» Work order
The lines in the listing below are to be given again exactly, starting at the line holding "65Selling a KitchenSmith" and ending at the line holding "생기한의원과 함께하신 생생한 자필 및 영상 후기를 소개합니다.". Do not include pictures.

» Records
* * * * *

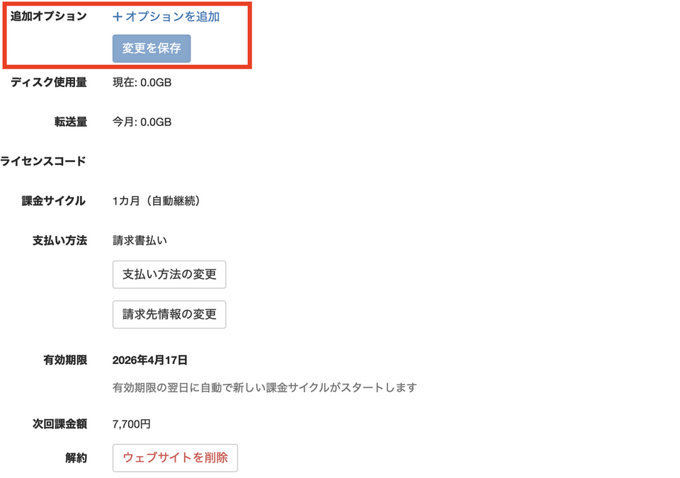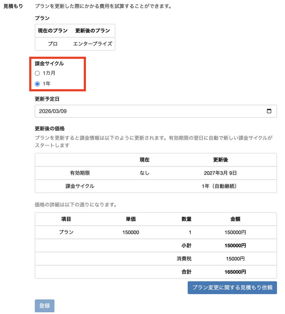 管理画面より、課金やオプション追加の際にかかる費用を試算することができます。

* * * * *

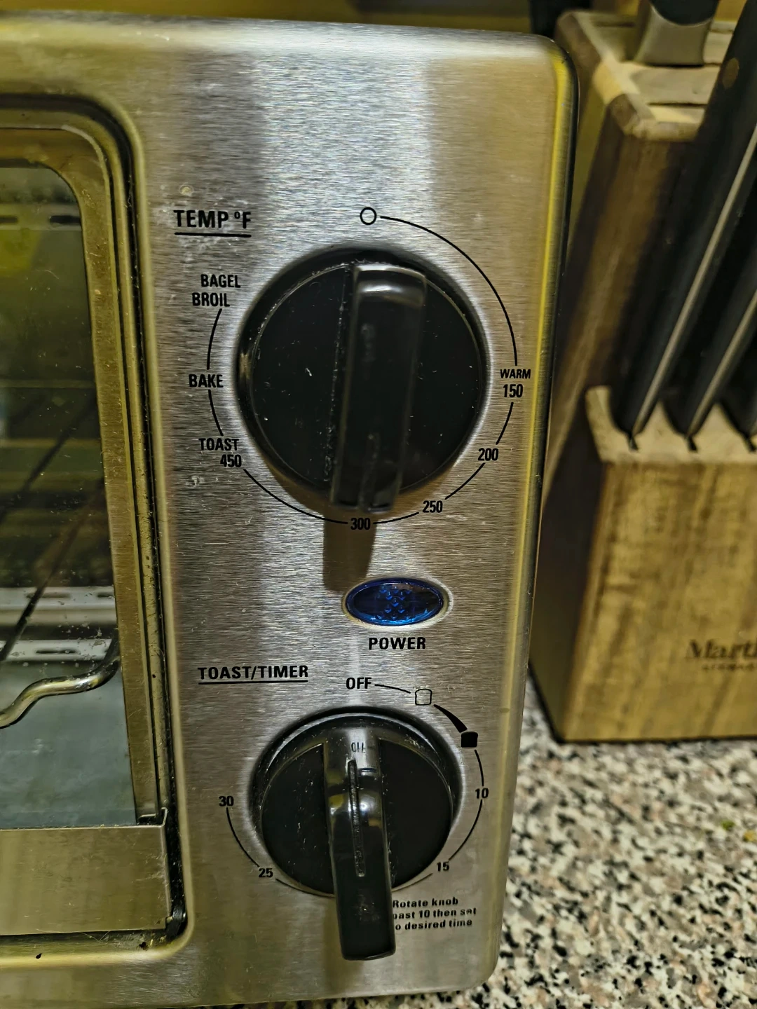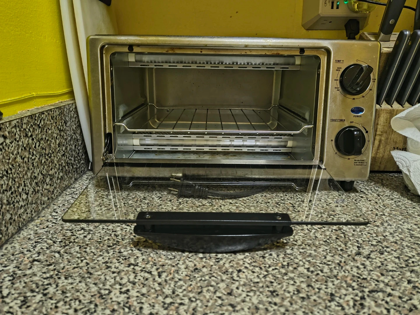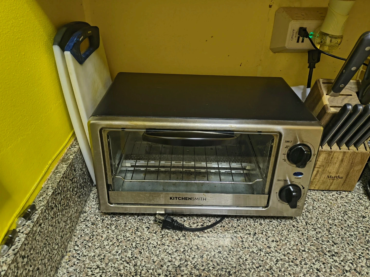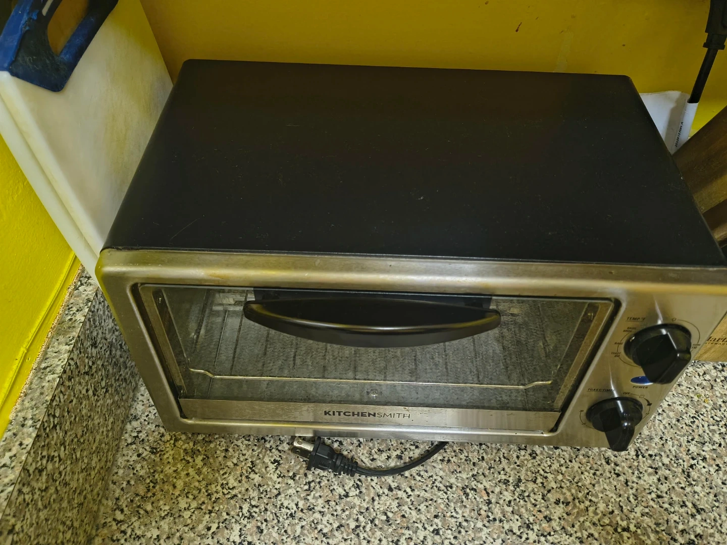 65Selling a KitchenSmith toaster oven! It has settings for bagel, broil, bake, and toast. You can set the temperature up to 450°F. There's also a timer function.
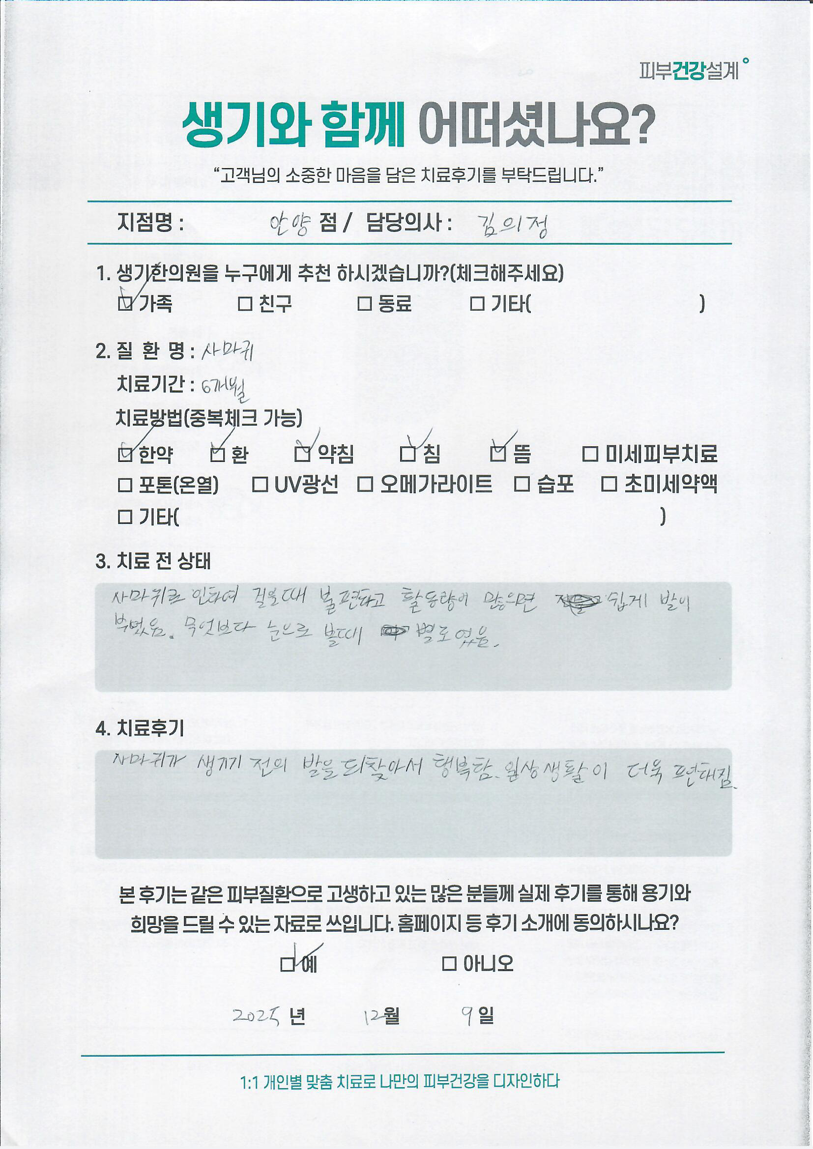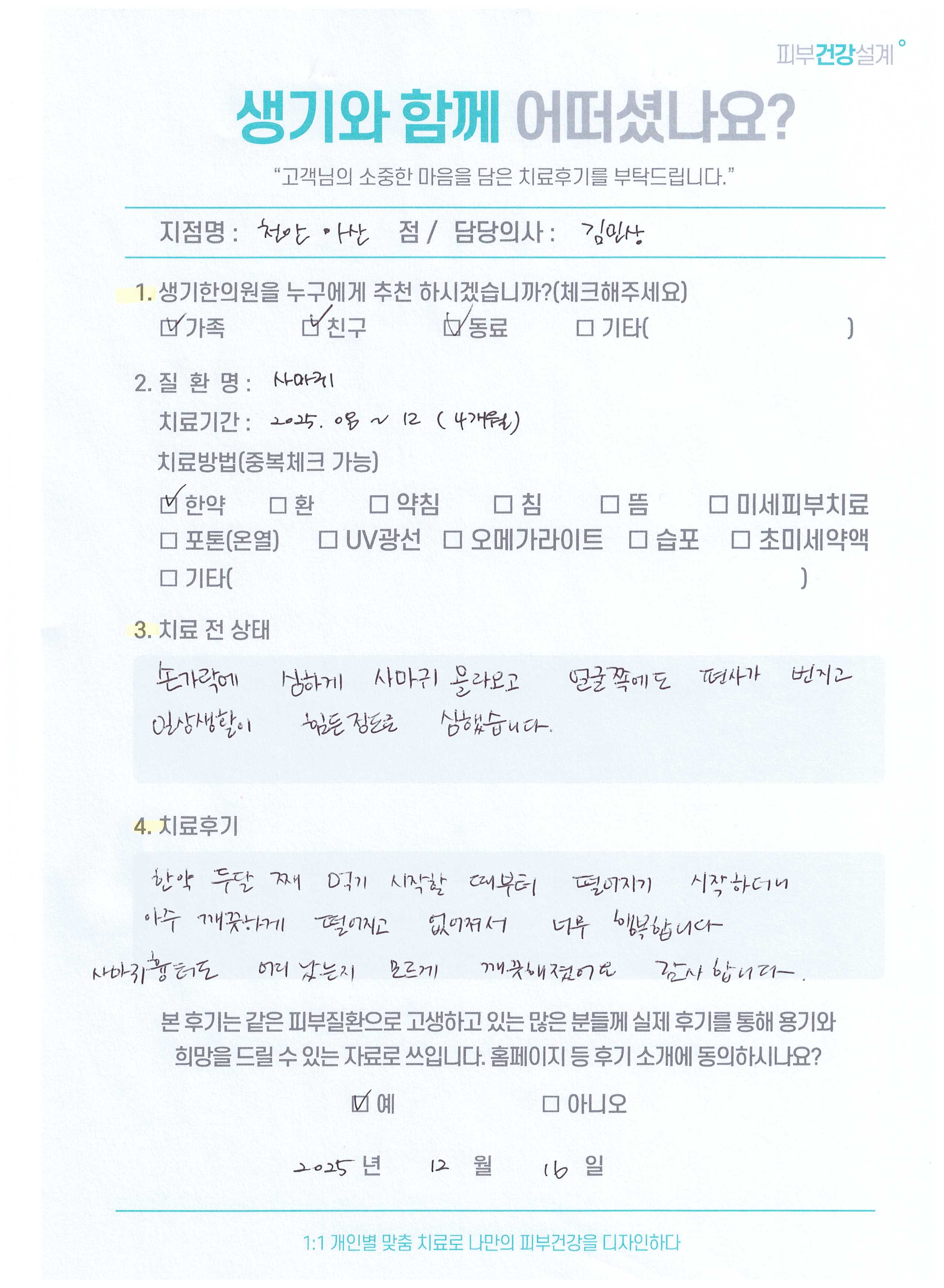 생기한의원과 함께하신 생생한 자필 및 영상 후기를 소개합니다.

* * * * *

» Answer to this problem
 65Selling a KitchenSmith toaster oven! It has settings for bagel, broil, bake, and toast. You can set the temperature up to 450°F. There's also a timer function.
 생기한의원과 함께하신 생생한 자필 및 영상 후기를 소개합니다.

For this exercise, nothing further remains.